## GIVEN ENTRIES
*-*-*

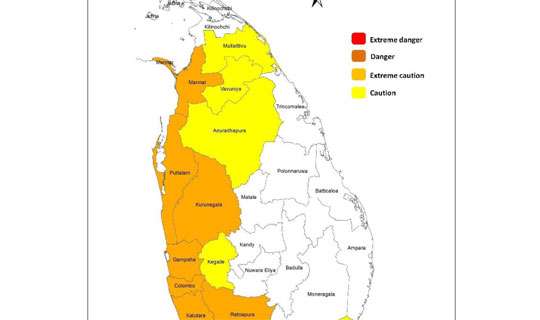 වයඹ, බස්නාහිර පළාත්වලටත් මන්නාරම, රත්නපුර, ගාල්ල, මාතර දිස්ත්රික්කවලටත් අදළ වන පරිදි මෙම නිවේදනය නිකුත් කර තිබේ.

*-*-*

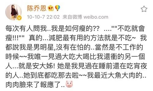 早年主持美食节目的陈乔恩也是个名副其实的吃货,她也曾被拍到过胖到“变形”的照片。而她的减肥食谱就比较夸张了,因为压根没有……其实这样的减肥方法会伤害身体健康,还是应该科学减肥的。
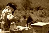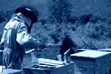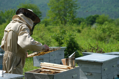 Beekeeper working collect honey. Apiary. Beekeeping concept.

*-*-*

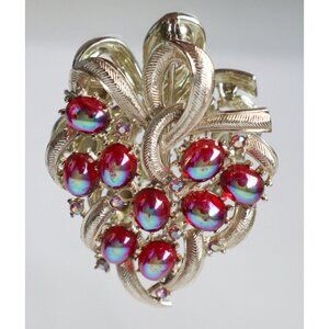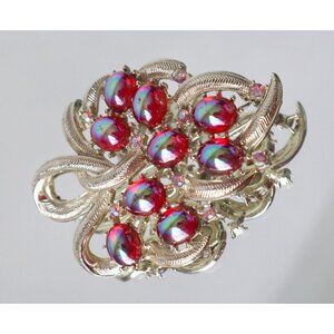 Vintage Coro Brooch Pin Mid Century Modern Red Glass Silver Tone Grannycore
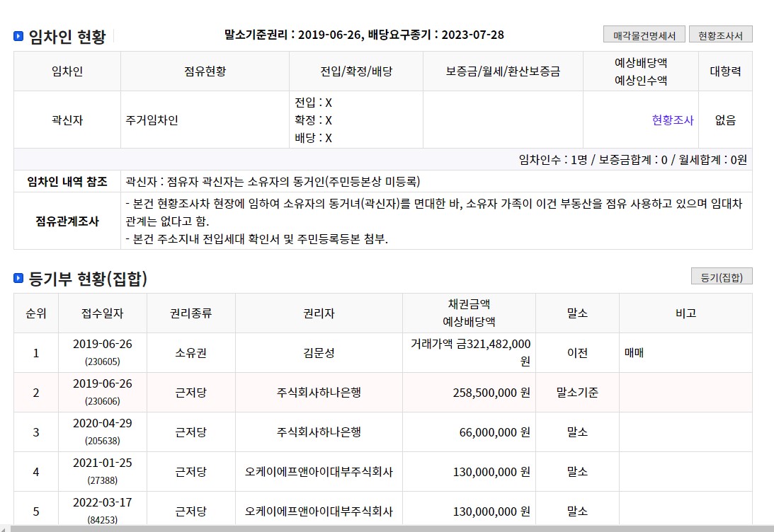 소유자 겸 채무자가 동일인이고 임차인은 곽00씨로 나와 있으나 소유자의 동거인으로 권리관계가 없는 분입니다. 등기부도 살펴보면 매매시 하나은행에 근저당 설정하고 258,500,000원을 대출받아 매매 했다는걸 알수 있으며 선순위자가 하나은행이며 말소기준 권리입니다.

*-*-*

## PROBLEM
Using the data above, give again exactly the lines starting at the one holding "早年主持美食节目的陈乔恩也是" and ending at the one holding "Beekeeper working collect", inclusive, and nothing more. Omit the pictures.

## RESPONSE
 早年主持美食节目的陈乔恩也是个名副其实的吃货,她也曾被拍到过胖到“变形”的照片。而她的减肥食谱就比较夸张了,因为压根没有……其实这样的减肥方法会伤害身体健康,还是应该科学减肥的。
 Beekeeper working collect honey. Apiary. Beekeeping concept.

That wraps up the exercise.